Right, I agree with this. NO function of the static evaluation alone
can determine the correct doubling decision (I guess a simple
counterexample is that you can have two positions with identical win
and gammon probabilities in which one is a double and the other is
not). Looking ahead one ply CAN decide to double if there are
positions at the next ply beyond the drop point, as you say. Looking
ahead two plies is even better because some of our opponent's rolls
may alter the subsequent evaluation further. I believe this is an
ideal distance to search; looking ahead 3 plies doesn't really help:
we're envisioning doubling now because the opponent may have a drop in
2 plies' time, in which case the third ply will never be played. If
there really ARE positions at the third ply and beyond that are drops,
and yet they follow from positions at the second ply that are takes,
then we'd do better to hold the cube this turn because we can always
double at the next opportunity with at least as much efficiency as a
double now.

All the above assumes constant recube vig; if we try to measure this
it turns out to depend on the efficiency with which the opponent is
likely to make future doubles, and is in general too hard to determine
accurately. For the moment I'm assuming we set a fixed average recube
efficiency or use some other simple approximation. A short search
generally won't help estimate this parameter at all well because the
efficiency can really only be determined accurately when we reach
positions around the drop point -- if we're considering doubling now
it must be because we're close to the OPPONENT having a drop; it will
often be some time before the opponent's position improves so much
that WE have a drop (if at all), so searching 3 or 4 plies is a waste
of time in most cases.
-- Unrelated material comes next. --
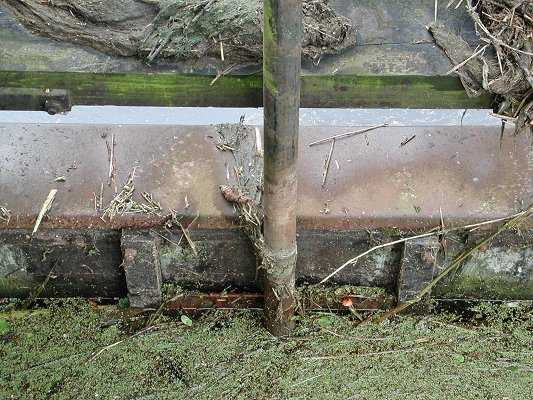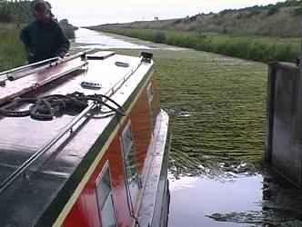 We break free of the weeded up Welney Sluice gate. Old Bedford River.
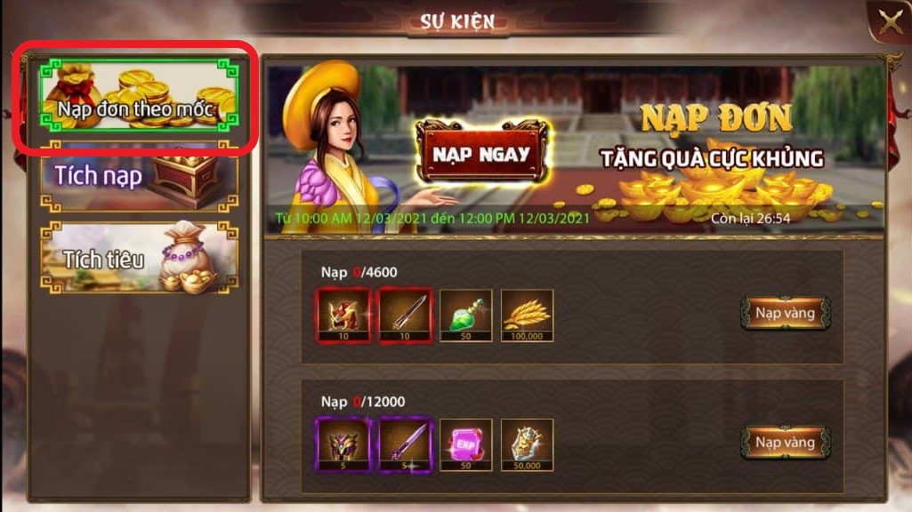 Nội dung: Nạp vàng theo mốc nhận quà tương ứng

As you point out, nets could be trained to
estimate efficiencies of future cubes given a position, but that
would require the entire position as an input (not just the static
evaluation of it).

> > > > > V = average of all successors assuming no double.
> > > > > if (the side-to-move has access to the cube) {
> > > > > v2 = average of all successors assuming double
> > > > > if (v2 > V) V = v2;
> > > > > }
> > The objection I should have written was that (for any kind of evaluation
> > function I'm assuming) in your psuedocode above, v2 will NEVER exceed V
> > (or at least only exceed V when the opponent has a drop). It's because
> > of this that r(E(X)) != E(r(X)), etc. etc...
>
> If you evaluate a terminal node using the piecewise-linear conversion
> function then you are correct. The evaluation will always be either V
> (no-double) or 1.0 (double/drop).
>
> But at interior nodes of the search tree (including the root of a 1-ply
> search) this is no longer true, and that is why the proposed procedure does
> result in correct doubling as the depth of search increases (or the
> cubeless-to-cubeful conversion process becomes more accurate).
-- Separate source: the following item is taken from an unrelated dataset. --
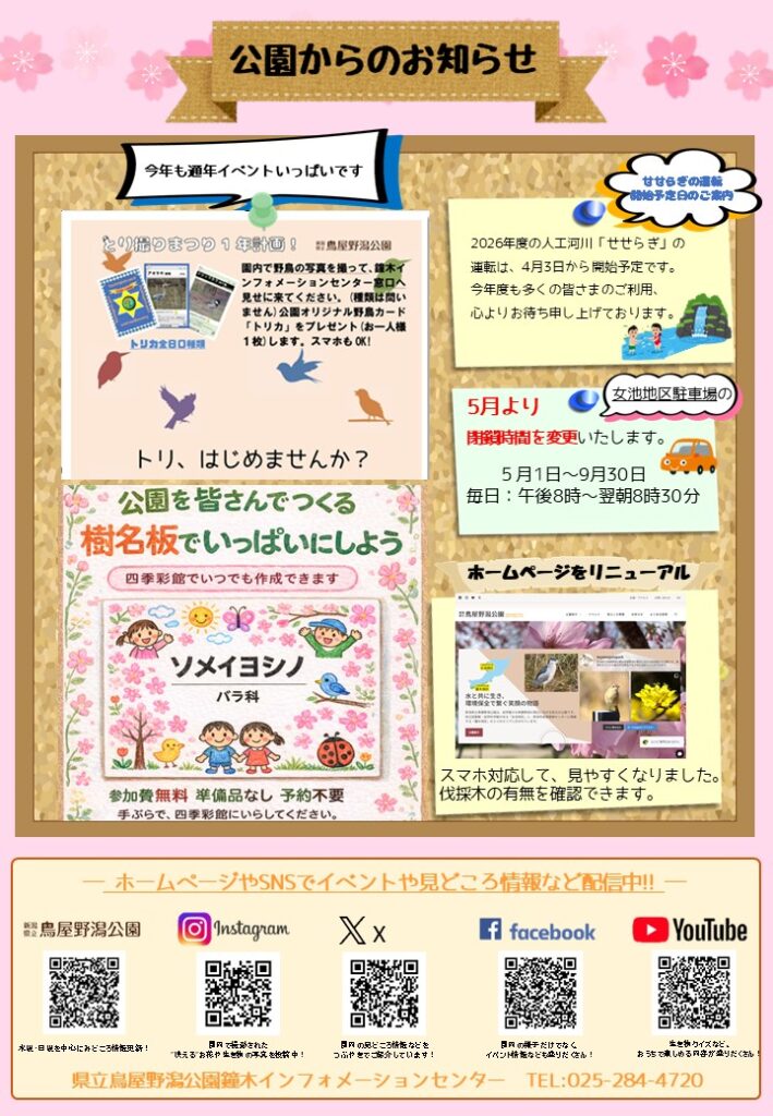 お知らせ かめ吉新聞No.78を発行しました。 2026年3月27日 いつも鳥屋野潟公園をご利用いただき 誠にありがとうございます。 かめ吉新聞No.78を発行しました。 これから見頃となる植物や桜まつりイベントの案内です。 ぜひ、ご覧ください。 下記からダウンロードしてご利用ください。 かめ吉新聞No.78 Previous 【女池地区】桜は膨らみ下ではエサ探し奮闘中 Next 4月潟キッズ「お花シール 作り」4/1-30 最近の投稿 4月潟キッズ「お花シール 作り」4/1-30 かめ吉新聞No.78を発行しました。 【女池地区】桜は膨らみ下ではエサ探し奮闘中

OK, I agree with that, but I still believe 0 plies won't work at all;
1 will sort of work but is not really enough; 2 is just right; and 3
or more is pretty much a waste of time.

> > I will admit all this is true IF you enlighten me about this cubeful
> > evaluation function and how it detects market losers without a search :-)
>
> How am I doing?

Getting there -- sorry if I'm being hard to enlighten :-)

bshe...@hasbro.com

unread,

Oct 23, 1998, 3:00:00 AM10/23/98

to

In article <wt3e8h9...@brigantine.CS.Arizona.EDU>,

OK. I see that there is a limitation you are operating under that I am not.
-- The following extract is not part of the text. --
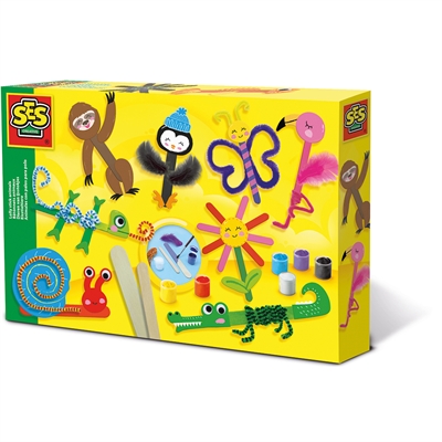 With this crafting set from SES Creative, you can craft fun animals with ice cream sticks. Use the instructions to quickly make a fun flamingo, sleepy sloth or a dangerous crocodile. Paint the ice cream sticks and stick the paper shapes, feathers, googly eyes and chenille pipe cleaners on top. Which animal will you make first?21 ice lolly sticks in two sizes Glue Six colours of paint Brush Feathers Chenille pipe cleaners Printed details Googly eyes in two sizes Instructions. Real wooden popsicle sticks in two sizes; Bring your animals to life with the additional supplied handicraft materials; Stimulates creativity; Develops motor skills. Age: 5+ Made in Holland.
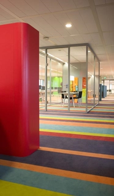 Vloeren: Lifeline (vlak) en Ege (zacht); Brakel (systeemwanden); Blom (interieurbouw); Vitra (kantoormeubels)

You require your cubeless-to-cubeful conversion function to depend on the
equities alone, whereas I am assuming a more general relationship. For
instance, I would allow the cubeless-to-cubeful conversion to use any inputs
that had been computed for the purpose of the cubeless evaluation, plus the
outputs of the cubeless evaluation, though for speed I would limit myself to a
few select inputs (e.g. shots) that have a lot to do with upside and downside
potential.

How are we doing now?

Brian

Leo Bueno

unread,

Oct 23, 1998, 3:00:00 AM10/23/98

to

On Wed, 14 Oct 1998 21:01:33 GMT, gtes...@my-dejanews.com wrote:

.

>
>The latex source file for the paper is about 100K and packed
>with hairy equations. It comes to about 25 pages when postscripted.
>So I don't think this is an appropriate place. If anyone has any
>bright ideas, please let me know.
>

What about submitting it to another journal?